It may be well intended, maybe the intentions of the
legislation, but the facts are inconsistent with the reality,
no matter how we spin it up here. Thank you.
Mr. Gable. Mr. Chairman, may I just respond to that?
Senator Scott, one of the statements you made was that the
payday lenders, when they come in and they are driving
individuals out of the banking business----
Senator Scott. Actually, I did not make that statement. My
statement was simply this: that as a result of higher fees, you
will have more people unbanked. And if you have a million
people unbanked, the question then is: Where do they go to get
their access to credit?
Mr. Gable. Absolutely.
Senator Scott. And they get their access to credit from, as
you call it, predatory lenders or payday loans or some other
access, whether it is pawnshops or something else that is close
in proximity to where they live. And then so the question
becomes: What is the interest rate because of the result of
Dodd-Frank increasing the cost of doing business and running
some folks out of banks, what is the cost to society and what
is the cost to the poorest communities? The actual cost is a
higher interest rate because of the result of Dodd-Frank.

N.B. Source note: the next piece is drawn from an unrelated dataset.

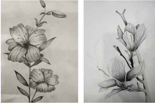
4-5. számú kép. Virágtanulmányok beállításról, grafit

alatt készül, míg egy akrilfestménynek órák kellenek. A technika nem megfelelő alkalmazása meghosszabbíthatja vagy lerövidítheti az alkotás idejét, amelyet fontos tudatosítani. Egy gyakran alkalmazott gyors technika a krokik rajzolása élő modelltől, amely mindig kihívást jelent a csoport tagjai számára. Az 5-10 perces, gyors rajzok készítése rendkívül hatékony a gátlások feloldásában, a lényeglátás fejlesztésében, a koncentrált figyelem elérésében, ámde egyszerre rendkívül frusztráló is az alkotó számára az öt szorongató idő miatt. Ennek ellenére fokozatos használata (először hosszabb idő, majd egyre kevesebb) rendkívül hatékony a kézügyesség fejlesztésében.

Mr. Gable. What I wanted to point out, first of all, payday
lenders were around--started out in 1985 before Dodd-Frank.
Second, payday lenders require individuals to have bank
accounts, so they have bank accounts. And they have first
access to those bank accounts. And that is how they keep them
in the cycle, and it has been consistent in poor communities in
our country that poor individuals, the weakest and the most
vulnerable individuals, have to pay more for everything. When
they are purchase in their community, their prices are high.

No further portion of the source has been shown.